The case is Packingham v. North Carolina, decided on June 19. The defendant was convicted of having relations with a 13 year old when he was 21. Later on, he posted an unrelated message on Facebook about his positive experience in traffic court. That Facebook message broke the law because children use Facebook. Writing for the majority, Justice Kennedy as usual employs sweeping language about constitutional freedoms (if you want proof of this, Google "sweet mystery of life" and "Justice Kennedy"). Here, the Court notes how the First Amendment protects speech in the public forum:
A fundamental principle of the First Amendment is that all persons have access to places where they can speak and listen, and then, after reflection, speak and listen once more. The Court has sought to protect the right to speak in this spatial context. A basic rule, for example, is that a street or a park is a quintessential forum for the exercise of First Amendment rights. Even in the modern era, these places are still essential venues for public gatherings to celebrate some views, to protest others, or simply to learn and inquire.
The public forum cases were decided long before anyone had ever thought of the Internet and social media. But social media today is sort of like the Town Square of the olden days, except that on social media no one speaks to each other face to face. Justice Kennedy is trying to bring the Court into the modern age, writing, "While in the past there may have been difficulty in identifying the most important places (in a spatial sense) for the exchange of views, today the answer is clear.

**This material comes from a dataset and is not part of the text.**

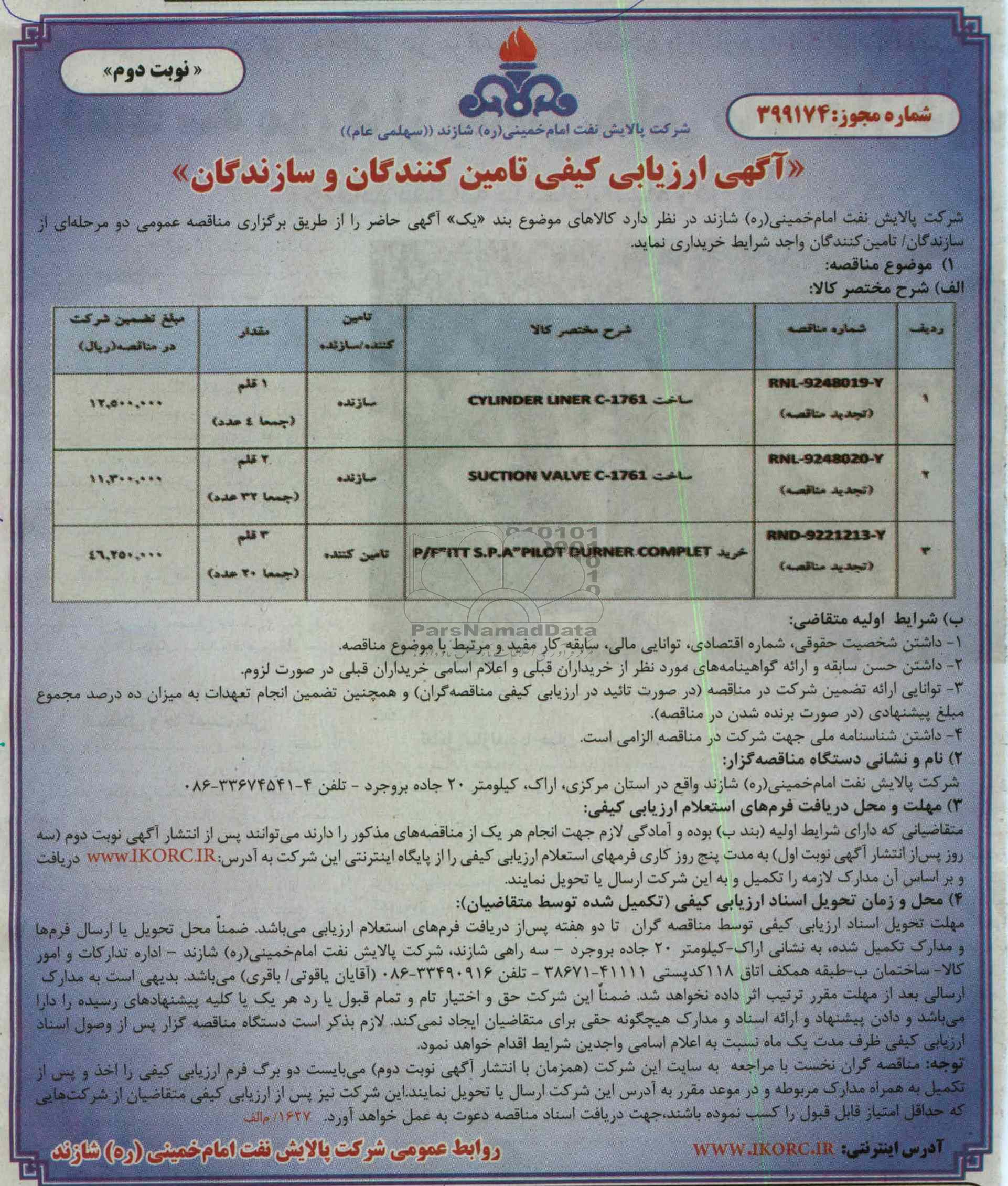 شرکت پالایش نفت امام خمینی (ره) شازند در نظر دارد کالاهای موضوع بند یک آگهی حاضر را از طریق برگزاری مناقصه عمومی دو مرحله ای از تامین کنندگان / سازنده واجد شرایط خریداری نماید.

It is cyberspace—the 'vast democratic forums of the Internet' in general, and social media in particular. Seven in ten American adults use at least one Internet social networking service. One of the most popular of these sites is Facebook, the site used by petitioner leading to his conviction in this case. ...
Social media offers 'relatively unlimited, low-cost capacity for communication of all kinds.' ... '[S]ocial media users employ these websites to engage in a wide array of protected First Amendment activity on topics 'as diverse as human thought.'”
Continuing with the sweeping language, Justice Kennedy writes:
The nature of a revolution in thought can be that, in its early stages, even its participants may be unaware of it. And when awareness comes, they still may be unable to know or foresee where its changes lead. So too here. While we now may be coming to the realization that the Cyber Age is a revolution of historic proportions, we cannot appreciate yet its full dimensions and vast potential to alter how we think, express ourselves, and define who we want to be. The forces and directions of the Internet are so new, so protean, and so far reaching that courts must be conscious that what they say today might be obsolete tomorrow.This case is one of the first this Court has taken to address the relationship between the First Amendment and the modern Internet. As a result, the Court must exercise extreme caution before suggesting that the First Amendment provides scant protection for access to vast networks in that medium.
The Court recognizes the dangers associated with sexual abuse of minors. The Court notes that danger in this ruling. But that does not outweigh the First Amendment violation posed by this law. The Court notes that "the statute here enacts a prohibition unprecedented in the scope of First Amendment speech it burdens. Social media allows users to gain access to information and communicate with one another about it on any subject that might come to mind. By prohibiting sex offenders from using those websites, North Carolina with one broad stroke bars access to what for many are the principal sources for knowing current events, checking ads for employment, speaking and listening in the modern public square, and otherwise exploring the vast realms of human thought and knowledge. These websites can provide perhaps the most powerful mechanisms available to a private citizen to make his or her voice heard. They allow a person with an Internet connection to “become a town crier with a voice that resonates farther than it could from any soapbox.”
Justice Alito concurs in the result of this case but he also warns against any ruling that would mean that the Internet is a true Public Square for First Amendment purposes. He writes (with Chief Justice Roberts and Justice Thomas signing along) as follows:In sum, to foreclose access to social media altogether is to prevent the user from engaging in the legitimate exercise of First Amendment rights. It is unsettling to suggest that only a limited set of websites can be used even by persons who have completed their sentences. Even convicted criminals—and in some instances especially convicted criminals—might receive legitimate benefits from these means for access to the world of ideas, in particular if they seek to reform and to pursue lawful and rewarding lives.
I am troubled by the Court’s loose rhetoric. After noting that “a street or a park is a quintessential forum for the exercise of First Amendment rights,” the Court states that “cyberspace” and “social media in particular” are now “the most important places (in a spatial sense) for the exchange of views.” The Court declines to explain what this means with respect to free speech law, and the Court holds no more than that the North Carolina law fails the test for content-neutral “time, place, and manner” restrictions. But if the entirety of the internet or even just “social media” sites are the 21st century equivalent of public streets and parks, then States may have little ability to restrict the sites that may be visited by even the most dangerous sex offenders. May a State preclude an adult previously convicted of molesting children from visiting a dating site for teenagers? Or a site where minors communicate with each other about personal problems? The Court should be more attentive to the implications of its rhetoric for, contrary to the Court’s suggestion, there are important differences between cyberspace and the physical world.